- [Work task] Return exactly, please, the line that contains "Dann checkte ich" and every line after it through the end of the material that follows, leaving pictures aside.

- [Data excerpt]

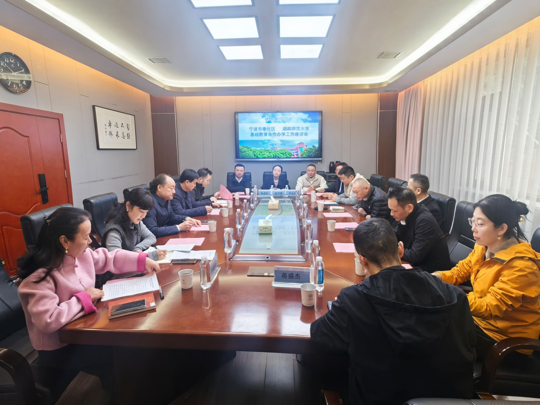 蔡炳华简要介绍了我校在基础教育领域的办学特色与资源优势。他指出,我校积极推进优质教育资源均衡配置,近年来通过附中、附小协作体等平台,在课程创新、师资培养等方面积累了丰富经验,期待与奉化区探索合作新模式,共同打造区域教育标杆。
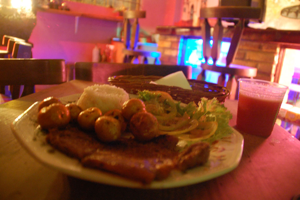 Dann checkte ich aus, ging zum empfohlenen „Shada“ Restaurant um die Ecke. Dort gab’s für COP 9.000 ein Steak mit Saft – 10K und mit dem Taxi nochmal 19K auf El Dorado um 21:00. Ich hatte so noch etwas Cash und Zeit übrig. Leider klappte es hier nicht mit dem Treffen zu einem Web-Projekt. Ich hoffe, dass das dennoch stattfindet.
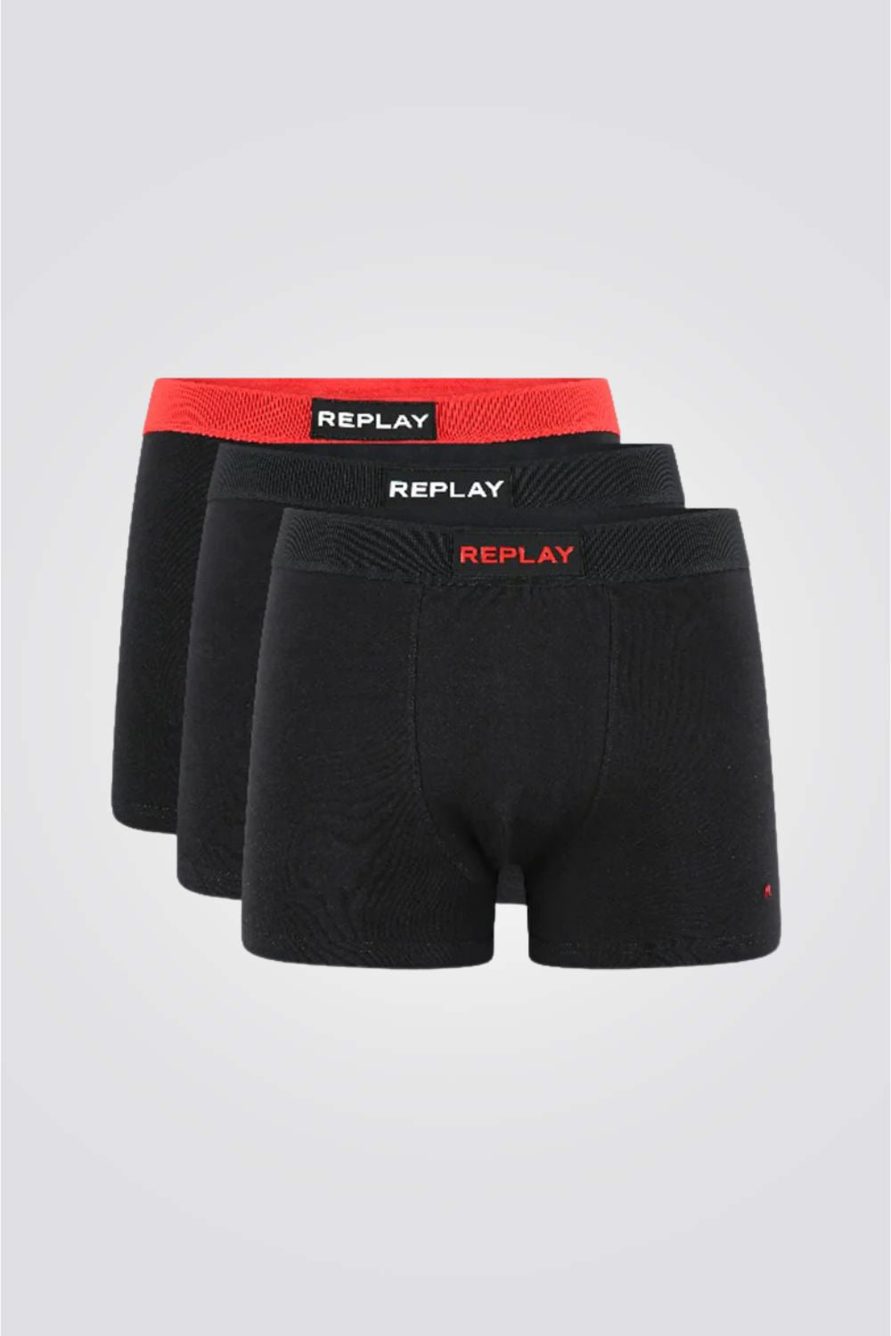 מארז תחתוני בוקסר לגבר מבית המותג REPLAY בצבע שחור ושילוב גומי אדום ושחור בקו המותניים.

- [Written solution]
 Dann checkte ich aus, ging zum empfohlenen „Shada“ Restaurant um die Ecke. Dort gab’s für COP 9.000 ein Steak mit Saft – 10K und mit dem Taxi nochmal 19K auf El Dorado um 21:00. Ich hatte so noch etwas Cash und Zeit übrig. Leider klappte es hier nicht mit dem Treffen zu einem Web-Projekt. Ich hoffe, dass das dennoch stattfindet.
 מארז תחתוני בוקסר לגבר מבית המותג REPLAY בצבע שחור ושילוב גומי אדום ושחור בקו המותניים.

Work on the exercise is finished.